Furthermore, we are leaving out the biggest issue of using languages like Rust, C, C++, etc: how easy it is to fuck up and create inefficiencies, leaks and so forth. C would be unsafe even for God himself to program in, but no one is more dangerous than an enraged programmer who has to write less intuitive, low level code that he has to build over and over and over again. These benchmark comparisons between well-implemented algorithms don’t even reflect reality. Whose to say that a programmer with 3 years experience in rust is going to write more efficient code than someone with 20 years in python? What about the pressures of bringing products to market and never fixing shitty codebases because there is always other things to do? No one is going to redesign everything, or even a significant chunk of things, with Rust so Rust programs are going to have to interface with other codebases, meaning that Rust may not be addressing any bottleneck in many use cases when we expect it to.
You know what Python has that most other languages don’t have? Really, really fast prototyping. Not having a compiler does increase debugging times (the compiler’s bitching does give you more hints), but I can try out ideas extremely fast in Python.
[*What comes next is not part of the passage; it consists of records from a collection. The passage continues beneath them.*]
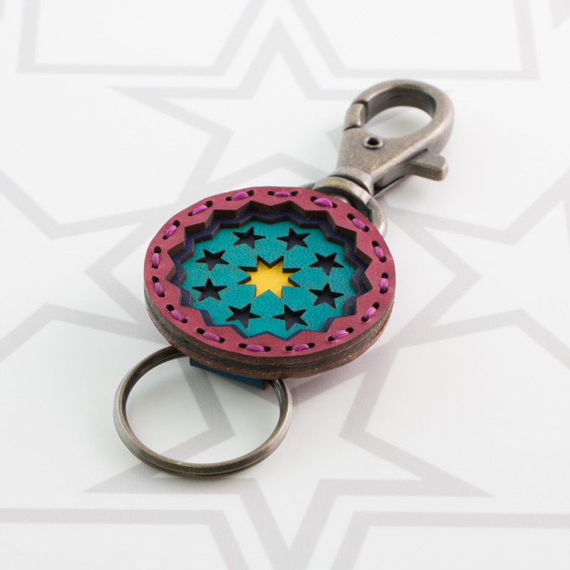 新作のキーホルダーが登場。ベルトループやバッグなどに簡単に着脱が出来るナスカンと、キーキャップや鍵を着けることが出来る二重リングが着いた便利な仕様です。丸いフォルムの中に八芒星と五芒星を散りばめたデザインで、小ぶりで使いやすいアイテムです。お気に入りのキーキャップと合わせてコーディネートをお楽しみ下さい。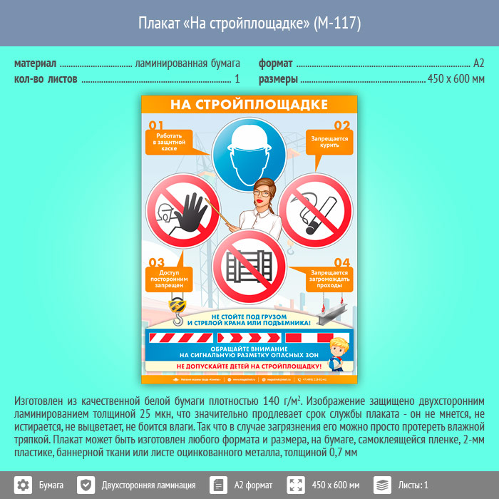 Плакат «На стройплощадке» (М-117, ламинированная бумага, А2, 1 лист) в Бердске купить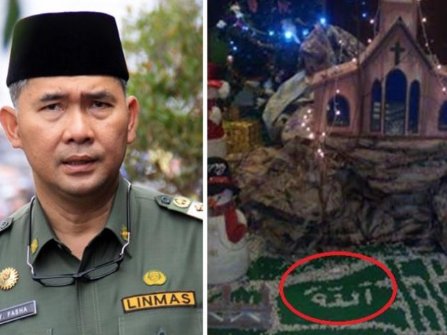 Warga memprotes karena tidak sepantasnya ada lafaz Allah dalam hiasan Natal. Apalagi jika diletakkan di bawah, yang bisa menyinggung umat Islam.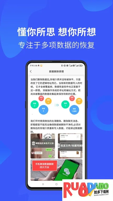 4、性能出色:兼容性强,适配所有安卓手机,采用深度扫描和检测技术,能找出删除碎片和清空文件,还提供工具盒子,且所有恢复工具免费使用。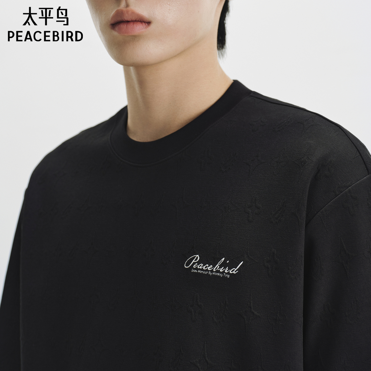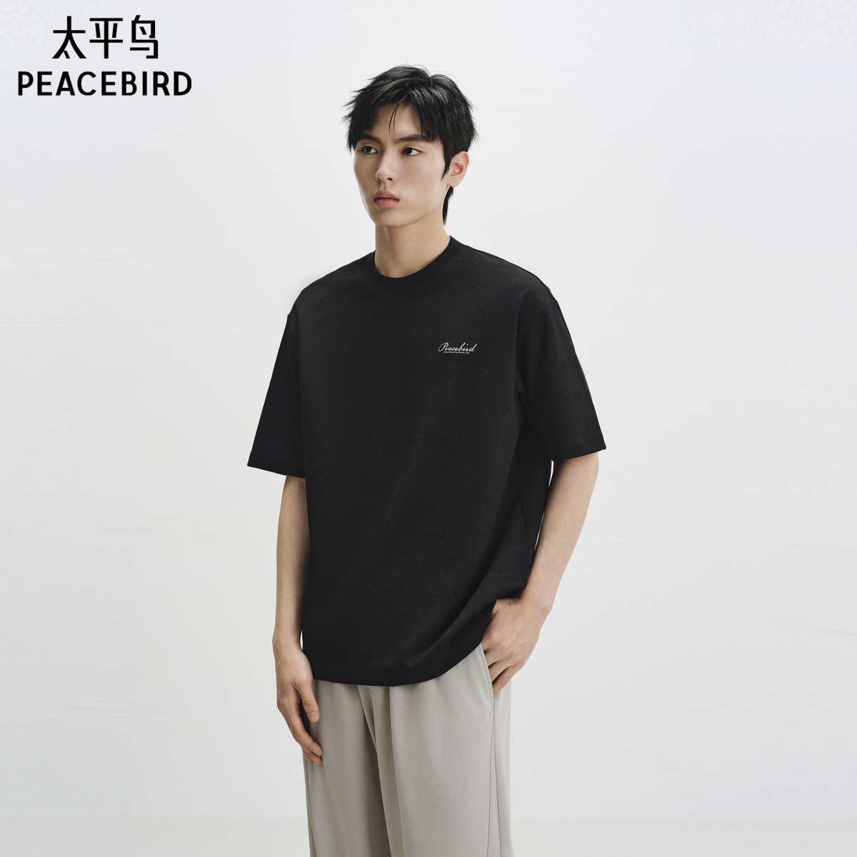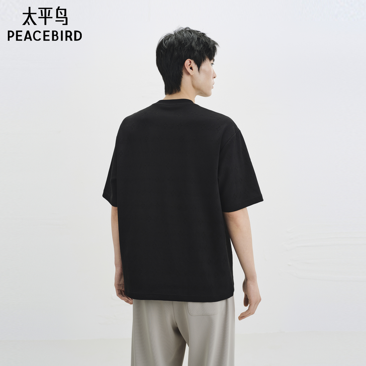 【提花】太平鸟男装纯色t重磅短袖T恤2025夏新款刺绣白T宽松体恤S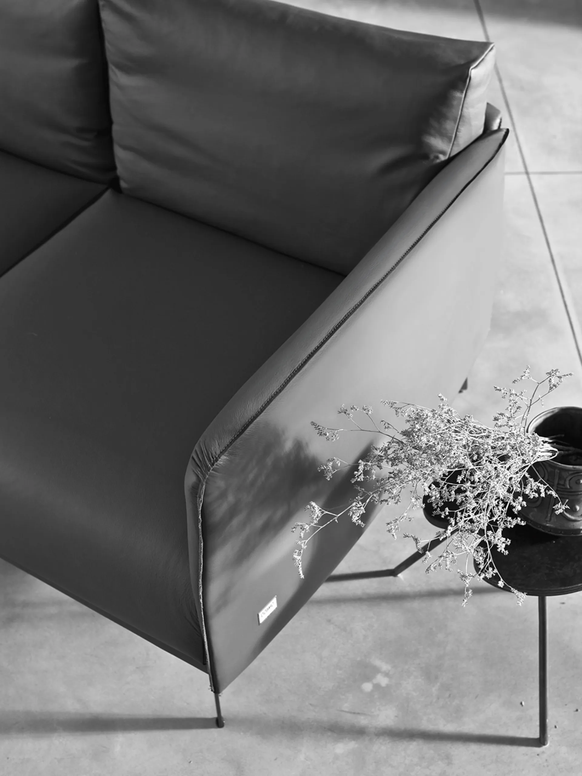 Il design originale si contraddistingue per il profilo sinuoso dei braccioli, sottili e raffinati allo stesso tempo. Un elogio allo stile dei divani di epoche passate.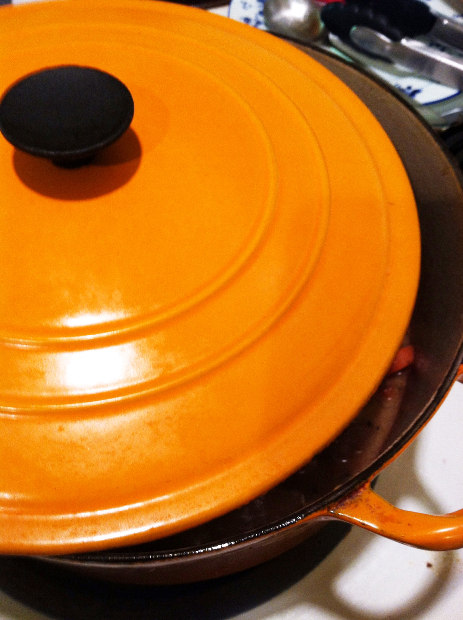 6. Put the lamb back into the pot, cover, and simmer over very low heat for about 2½ hours or until the meat is very tender. (I had to set my stove to the lowest heat possible to keep the stew at a simmer – with just a few gentle bubbles appearing at a slow rate.) I set the cover ajar for the last hour to help the stew thicken.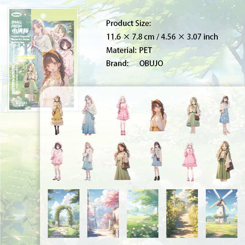 34 Pcs Urban Girl Stickers and Journal Paper Kit SSZZ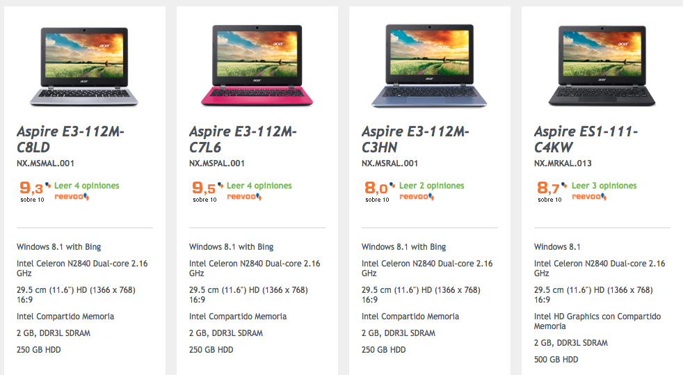 En la actualidad son muchos los modelos de equipos que emplean este sistema, entre los que podemos mencionar la serie E 11 de Acer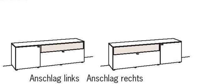 • Material: Korpus und Front in Lack anthrazit matt (38), Akzentfront in Eiche gehackt gebürstet geölt, massiv (93)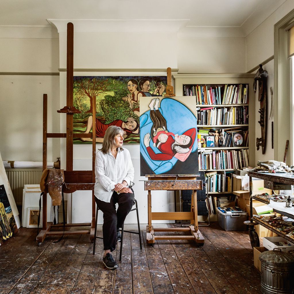 Eileen has never wavered in her devotion to figurative art, even when conceptual art was de rigueur. ‘I felt I didn’t have a choice – it’s like the nose on your face, you’re stuck with it.’ Bold outlines are married with expanses of flat colour, recalling the primitivism of the avant-garde, while her subject matter speaks of relationships, female sexuality, fertility and the practical balance of life, interwoven with elements of mythology and magical realism. A narrative ambiguity allows scope for interpretation and there is physical space, too. ‘Like a stage set, I only put in what is needed,’ Eileen explains. At the crux is her own life. It was the birth of her children that saw her start painting women as mothers. She worked when her boys napped and took to wearing ‘overalls and gloves so, as soon as they woke, I could be clean and ready to feed them’. Later, they painted alongside her after school.

That’s the core sell of interpreted languages. But no one talks about the energy that is saved by the soft factors. Instead, people talk about the hard factors like they are playing a trading card game with attack points and defense points. Yes, the hard factors like speed and power efficiency are important; however, the soft factors (ease of use, flexibility, size of standard library, development community, documentation, etc) are what matters most in creating a productive workflow and generating new ideas. We can only guess how much energy is saved in that case.